### SOURCE MATERIAL
------------------------------------

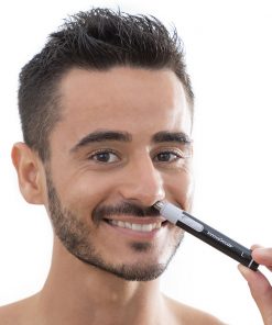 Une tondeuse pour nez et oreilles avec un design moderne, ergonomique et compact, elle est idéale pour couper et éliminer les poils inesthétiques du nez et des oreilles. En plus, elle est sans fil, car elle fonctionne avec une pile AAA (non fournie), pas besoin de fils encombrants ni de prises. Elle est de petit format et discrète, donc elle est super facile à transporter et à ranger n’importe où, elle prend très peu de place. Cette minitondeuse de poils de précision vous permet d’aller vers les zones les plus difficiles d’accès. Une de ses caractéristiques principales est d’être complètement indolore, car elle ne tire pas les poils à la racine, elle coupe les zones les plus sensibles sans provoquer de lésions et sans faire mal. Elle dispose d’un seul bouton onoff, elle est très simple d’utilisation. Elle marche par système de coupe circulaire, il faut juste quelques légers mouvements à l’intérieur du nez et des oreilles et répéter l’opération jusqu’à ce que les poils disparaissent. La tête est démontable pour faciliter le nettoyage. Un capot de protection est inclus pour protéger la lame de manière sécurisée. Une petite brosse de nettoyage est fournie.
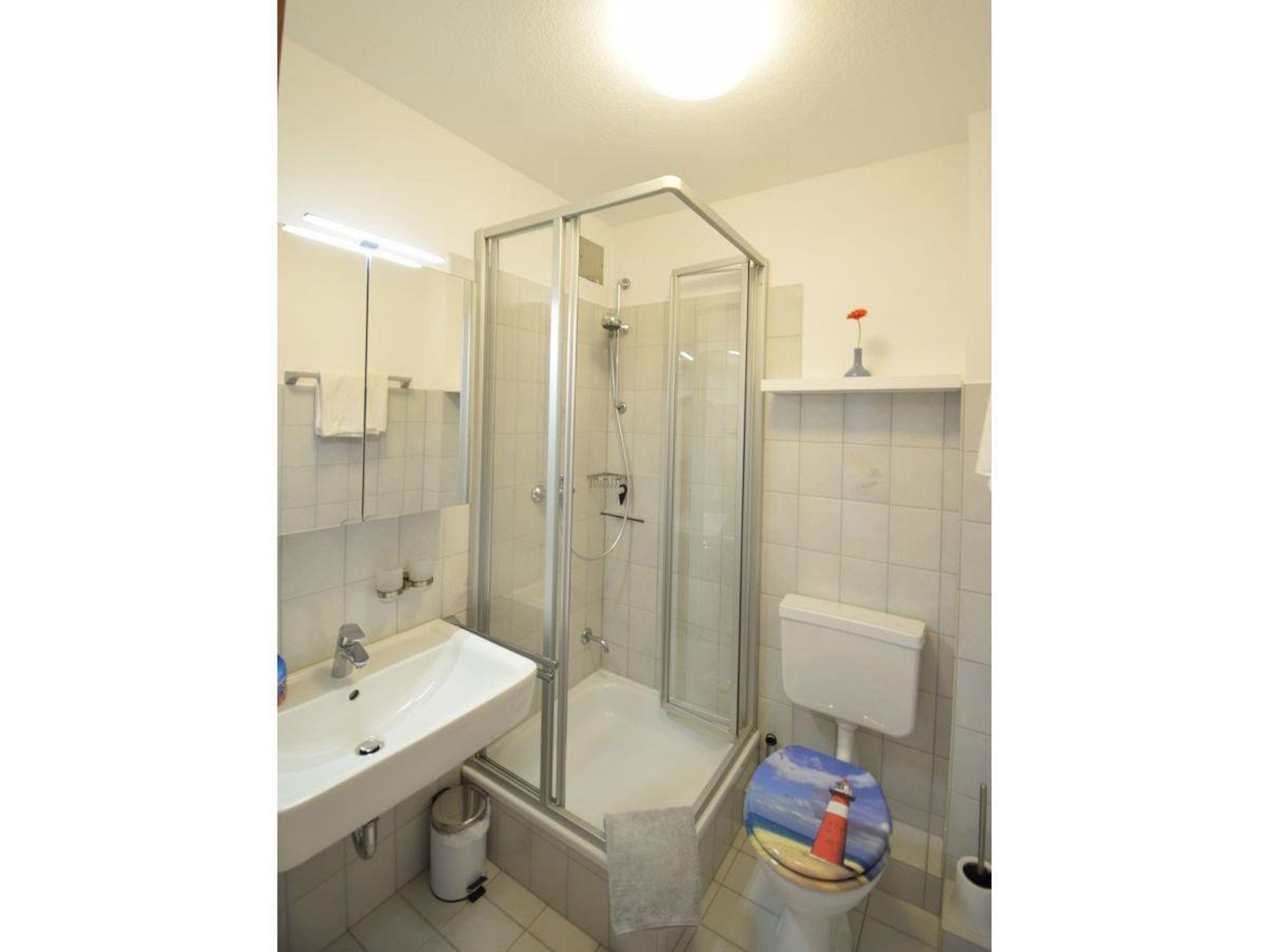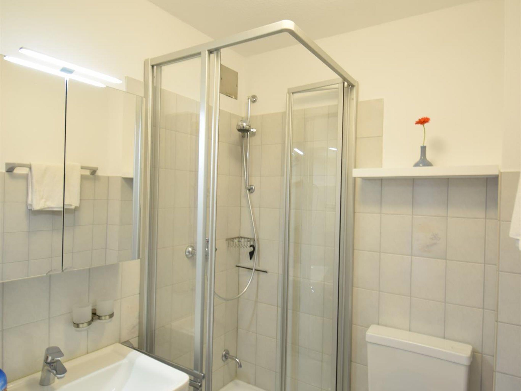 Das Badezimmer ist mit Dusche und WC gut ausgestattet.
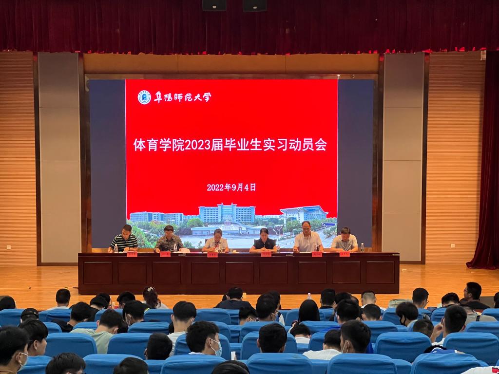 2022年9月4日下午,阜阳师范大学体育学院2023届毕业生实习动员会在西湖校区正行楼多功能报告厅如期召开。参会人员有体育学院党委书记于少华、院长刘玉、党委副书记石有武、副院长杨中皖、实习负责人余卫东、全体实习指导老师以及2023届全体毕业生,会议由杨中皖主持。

------------------------------------

Nothing but the lines from the line with "Das Badezimmer ist" through the last line of the listing above should be repeated, and pictures should be left out.

### EXERCISE ANSWER
 Das Badezimmer ist mit Dusche und WC gut ausgestattet.
 2022年9月4日下午,阜阳师范大学体育学院2023届毕业生实习动员会在西湖校区正行楼多功能报告厅如期召开。参会人员有体育学院党委书记于少华、院长刘玉、党委副书记石有武、副院长杨中皖、实习负责人余卫东、全体实习指导老师以及2023届全体毕业生,会议由杨中皖主持。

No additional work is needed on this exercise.